People who came here — who were much more numerous — who came here starting in about 1990 and basically through that decade, who I think are the people you’re referring to — they were fleeing the collapse of the empire. They were not running away from the Soviet Union. They were not leaving Russia. They were leaving that sense of extreme instability and uncertainty that was created by the end of the Soviet Union.
So to them, there’s no contradiction between liking Putin, who came in and said, “I’m going to take you back to that imagined stability and predictability of the Soviet Union” — there’s no contradiction between that and what they felt when they were leaving. So I think it’s perfectly logical that they support him.
On fall of GDP per capita in Russia and totalitarianism:
Poverty and scarcity are actually very good for totalitarian societies. They maintain that sense of mobilization that’s essential for totalitarian societies.
This is actually not my idea, but I think it has a lot of merit, this idea that the mass protests in Russia that we saw in 2011, 2012 were partly a function of prosperity. People lived well enough that they had the luxury of demanding good governance. When you’re constantly worried about your survival, you do not actually engage proactively in politics.
On a stereotyped strong Russian women:
Where does that come from? I think that comes from life. Look, part of the Soviet experiment was this very strange gender-equality ideology. Strange because it was an enforced ideology. It was top-down. Women were almost equally represented in the workforce to men.

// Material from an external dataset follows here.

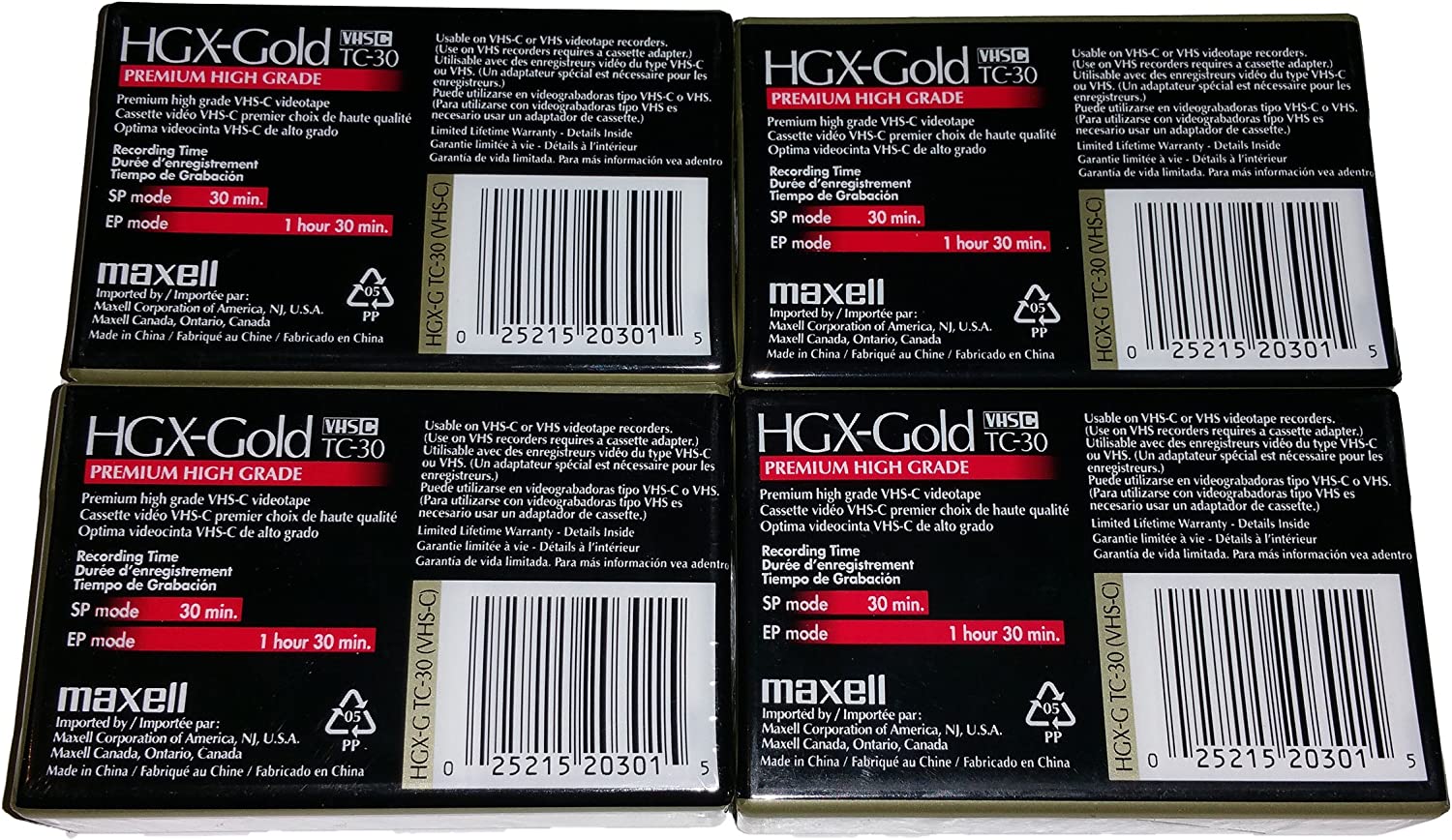 Four (4) pack of Maxell VHS-C TC-30 HGX-Gold Blank Videocassettes. Each cassette works in VHS-C camcorders and can be played in VCR's using an adapter.

But of course, at home, they also did all the housework. Housework in the Soviet Union was not doing housework in the United States. It was washing clothes by hand, often in a communal bathroom or a communal bathhouse. It was cooking in a communal kitchen. It was getting food products in conditions of extreme shortages.
It was like this constant battle for survival and for the survival of one’s family. I think that that made women strong, productive, and created a kind of matriarchal family that wouldn’t exist if women weren’t also breadwinners on par with men.
On smiling in Russia:
I think that there’s a kind of grumpy and dark culture in Russia. Russians certainly have a lot of discernment in the fine shades of misery. If you ask a Russian how they are, they will not cheerfully respond by saying they’re great. If they’re miserable, they might actually share that with you in some detail.
There’s no shame in being miserable in Russia. There’s, in fact, a lot of validation. Read a Russian novel. You’ll find it all in there. We really are connoisseurs of depression.